> _What the task asks_
Only the lines from the one with "Almost ready for" through the last line of the material below belong in the answer, copied exactly and without pictures.

> _Records shown_

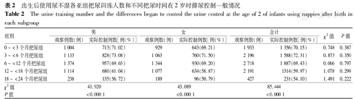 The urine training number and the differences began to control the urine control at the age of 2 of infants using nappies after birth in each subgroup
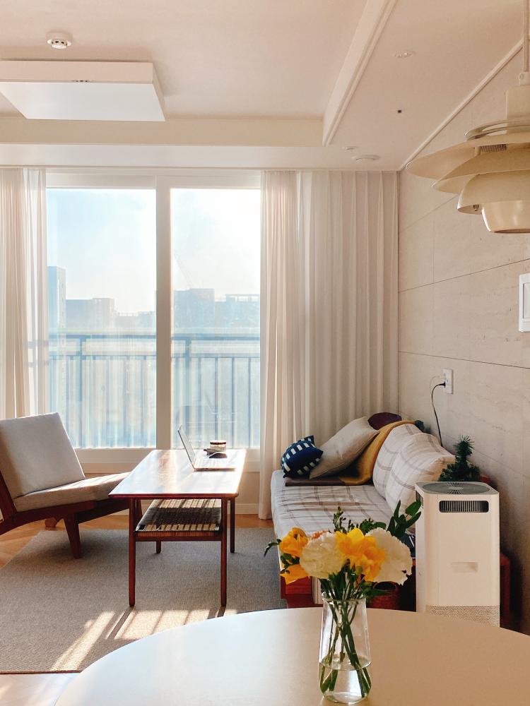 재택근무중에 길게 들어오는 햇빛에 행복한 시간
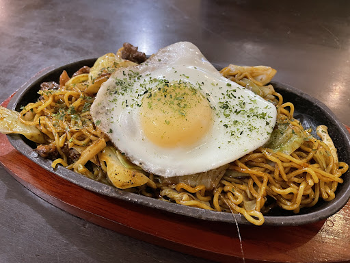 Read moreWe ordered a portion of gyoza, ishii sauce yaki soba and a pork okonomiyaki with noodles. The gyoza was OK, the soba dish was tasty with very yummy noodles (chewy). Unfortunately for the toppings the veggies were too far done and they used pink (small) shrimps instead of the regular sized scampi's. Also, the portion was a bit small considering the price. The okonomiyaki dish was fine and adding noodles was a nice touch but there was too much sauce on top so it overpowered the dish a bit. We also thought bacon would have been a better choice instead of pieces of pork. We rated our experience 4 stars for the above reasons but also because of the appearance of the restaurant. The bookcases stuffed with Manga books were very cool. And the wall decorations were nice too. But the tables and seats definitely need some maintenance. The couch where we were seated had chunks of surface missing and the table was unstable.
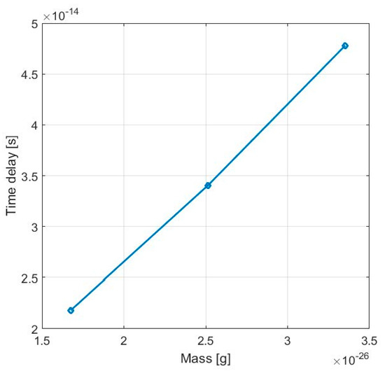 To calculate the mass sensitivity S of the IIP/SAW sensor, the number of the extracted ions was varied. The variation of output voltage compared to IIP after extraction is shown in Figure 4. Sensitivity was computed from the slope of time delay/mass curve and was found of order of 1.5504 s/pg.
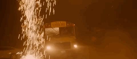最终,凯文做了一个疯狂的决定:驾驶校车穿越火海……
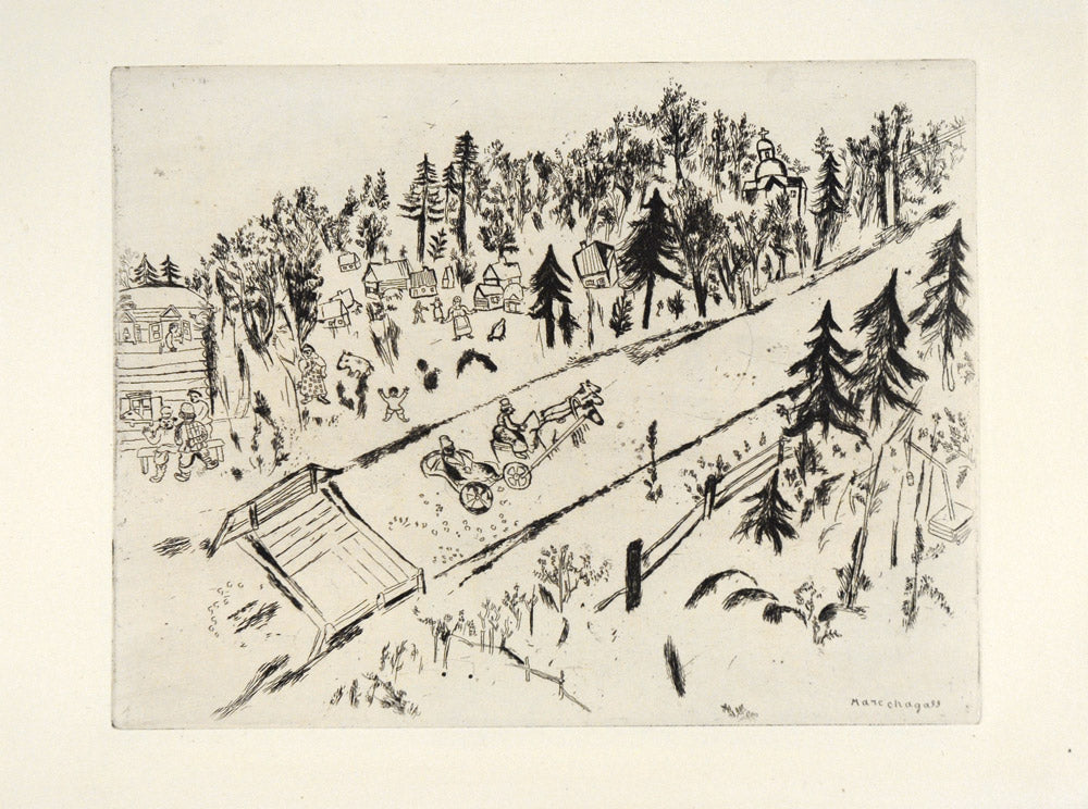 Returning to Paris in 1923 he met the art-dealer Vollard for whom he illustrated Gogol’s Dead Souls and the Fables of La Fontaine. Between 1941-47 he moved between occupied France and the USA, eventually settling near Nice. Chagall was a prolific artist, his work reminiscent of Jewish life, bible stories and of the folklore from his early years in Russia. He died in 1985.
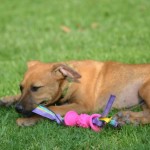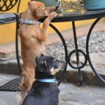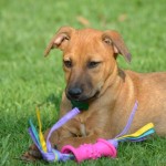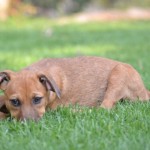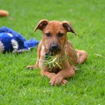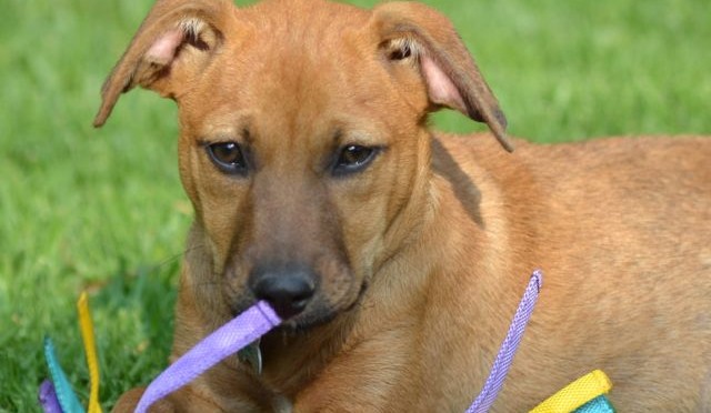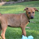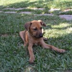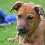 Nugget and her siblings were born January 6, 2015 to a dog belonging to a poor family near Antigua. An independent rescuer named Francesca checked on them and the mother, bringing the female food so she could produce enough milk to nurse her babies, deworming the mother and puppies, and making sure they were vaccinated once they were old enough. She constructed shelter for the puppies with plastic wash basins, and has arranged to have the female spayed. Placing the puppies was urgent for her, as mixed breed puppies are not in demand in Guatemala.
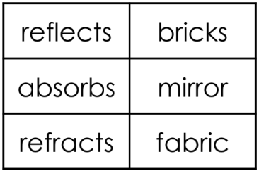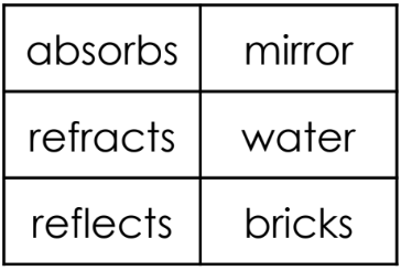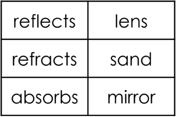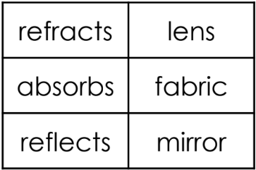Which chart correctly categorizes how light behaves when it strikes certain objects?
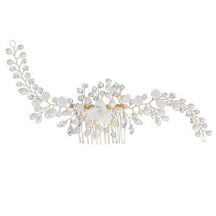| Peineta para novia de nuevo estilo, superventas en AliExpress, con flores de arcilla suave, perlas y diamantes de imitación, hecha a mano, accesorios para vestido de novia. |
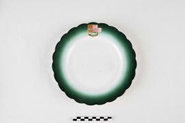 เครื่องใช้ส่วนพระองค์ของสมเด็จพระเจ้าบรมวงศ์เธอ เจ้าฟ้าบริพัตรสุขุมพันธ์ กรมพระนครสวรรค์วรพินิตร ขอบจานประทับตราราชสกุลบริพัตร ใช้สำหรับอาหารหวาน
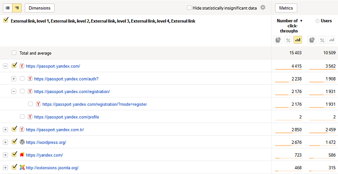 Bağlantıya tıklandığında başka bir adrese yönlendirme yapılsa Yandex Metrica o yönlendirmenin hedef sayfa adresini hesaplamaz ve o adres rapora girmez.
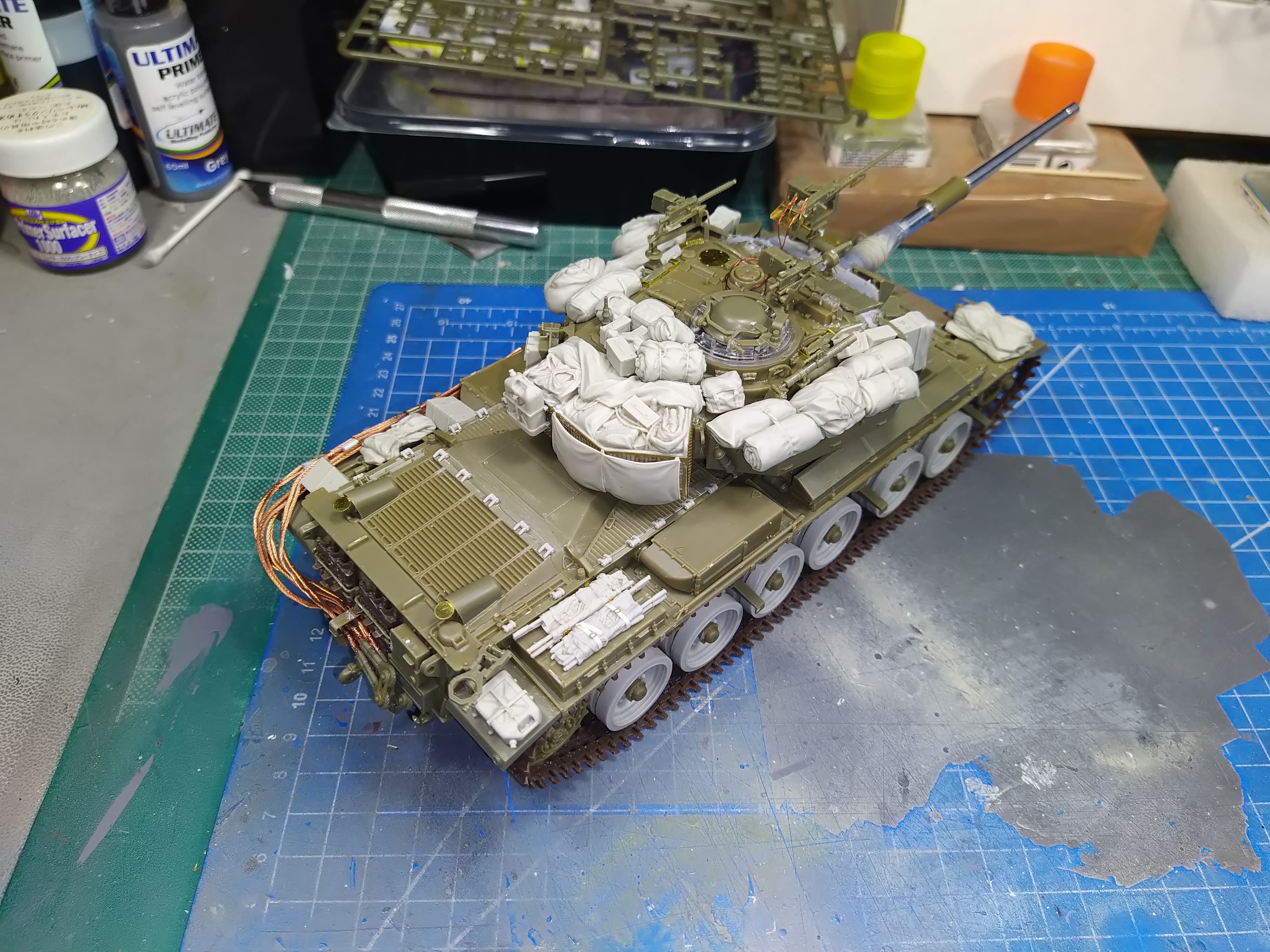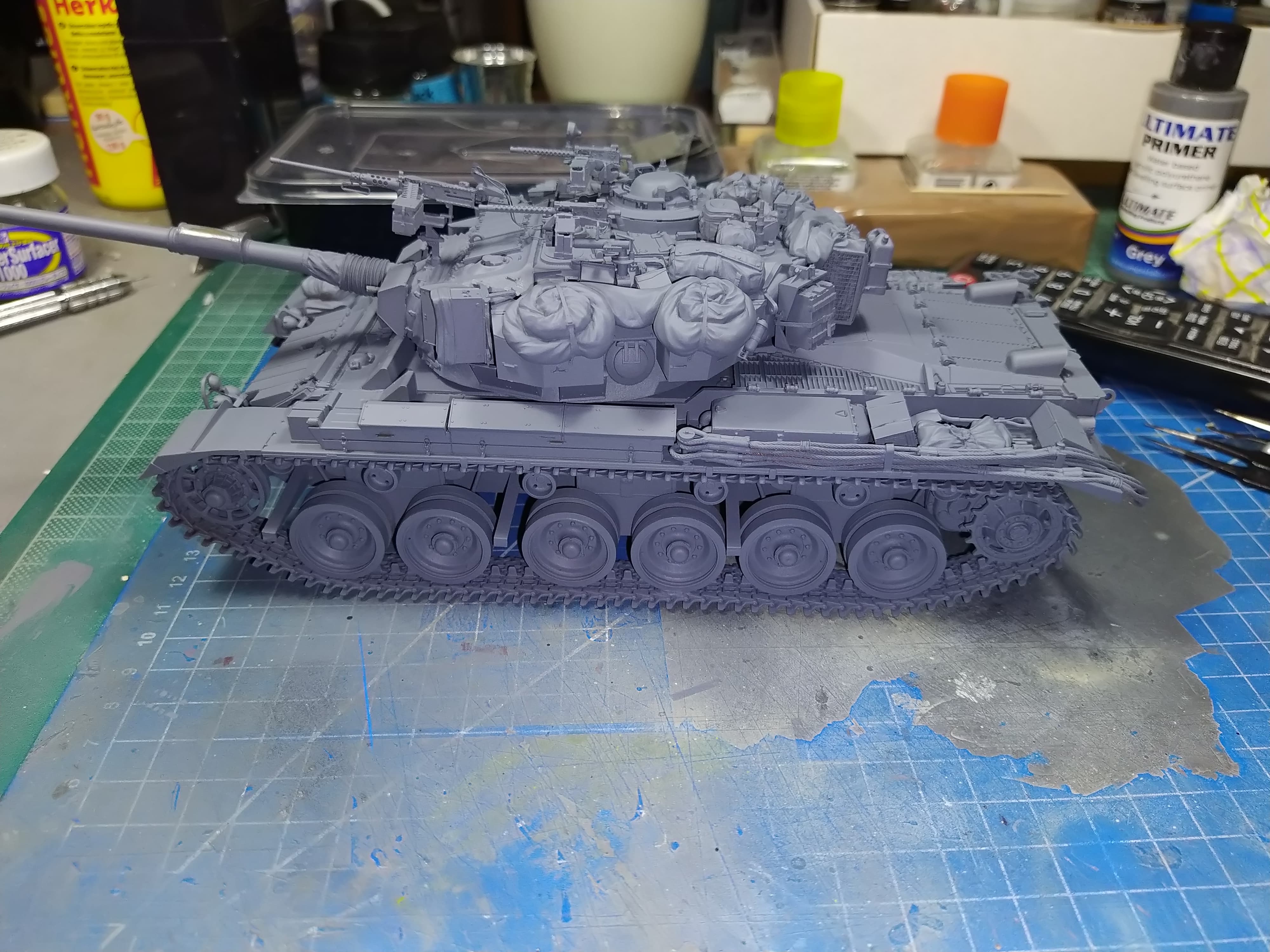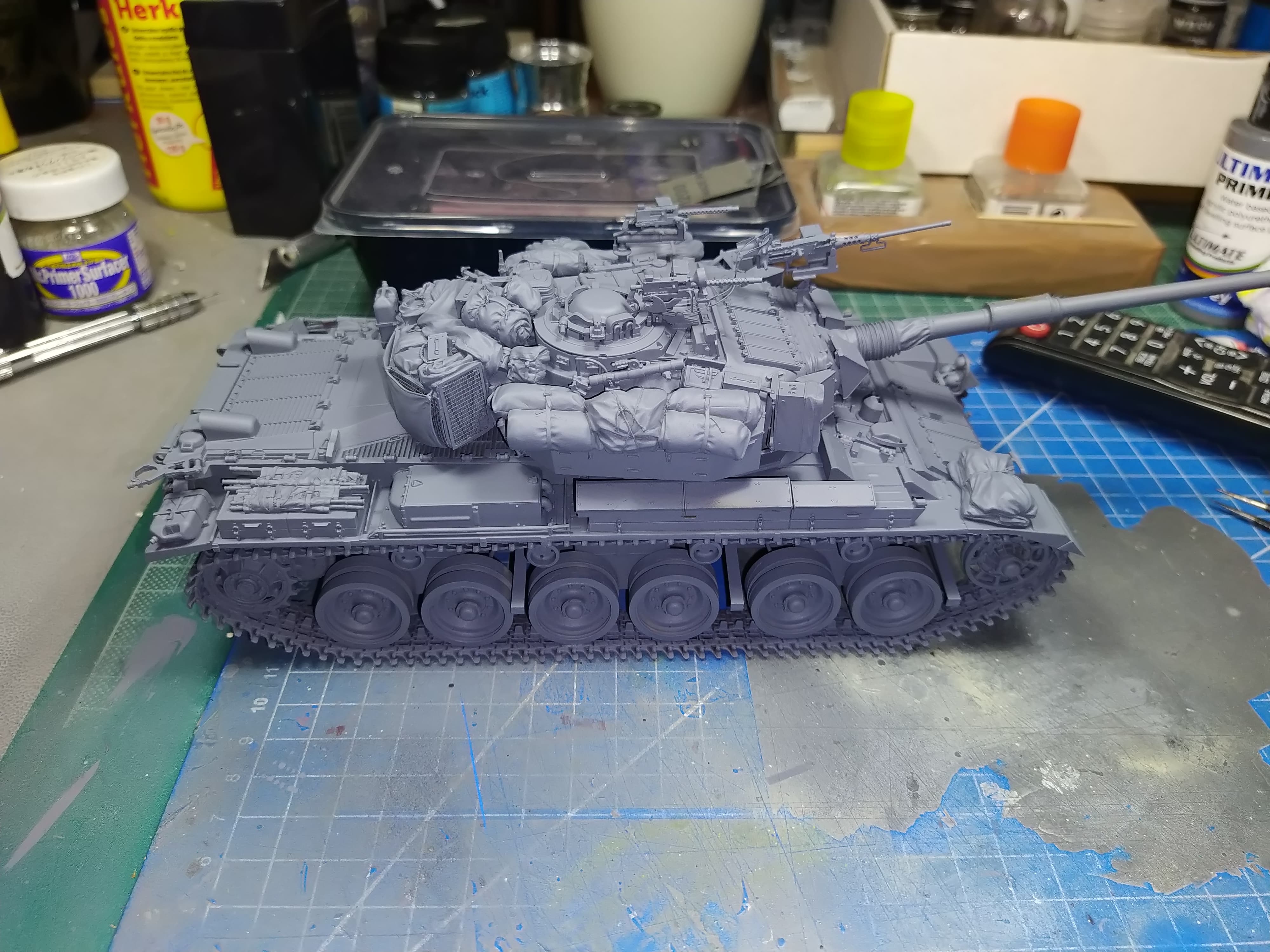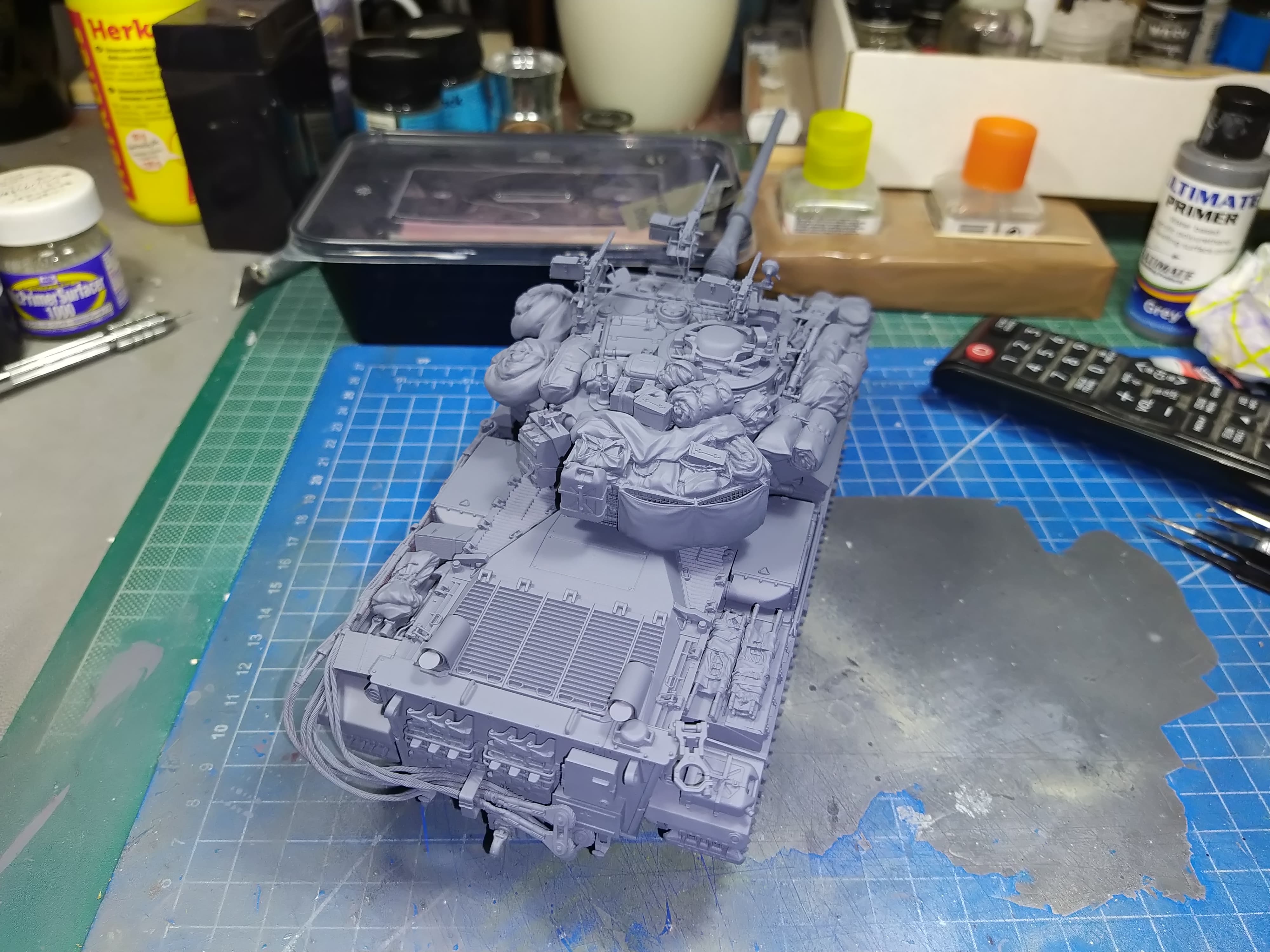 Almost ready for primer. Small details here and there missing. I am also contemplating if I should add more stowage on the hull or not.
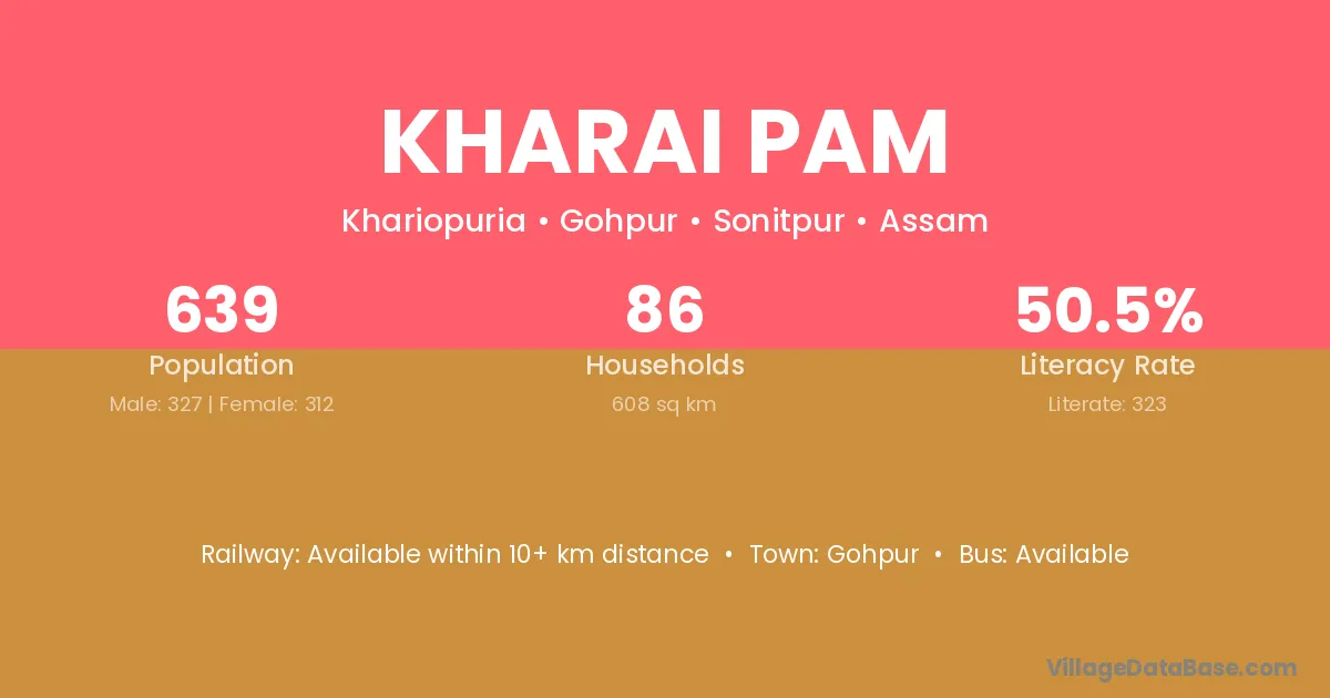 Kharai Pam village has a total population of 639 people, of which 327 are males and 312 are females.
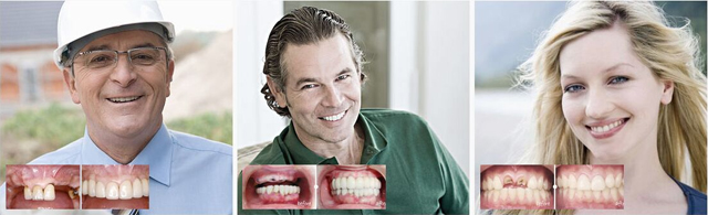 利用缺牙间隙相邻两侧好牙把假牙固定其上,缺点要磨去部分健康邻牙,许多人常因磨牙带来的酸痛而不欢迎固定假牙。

> _Written reply_
 Almost ready for primer. Small details here and there missing. I am also contemplating if I should add more stowage on the hull or not.
 Kharai Pam village has a total population of 639 people, of which 327 are males and 312 are females.
 利用缺牙间隙相邻两侧好牙把假牙固定其上,缺点要磨去部分健康邻牙,许多人常因磨牙带来的酸痛而不欢迎固定假牙。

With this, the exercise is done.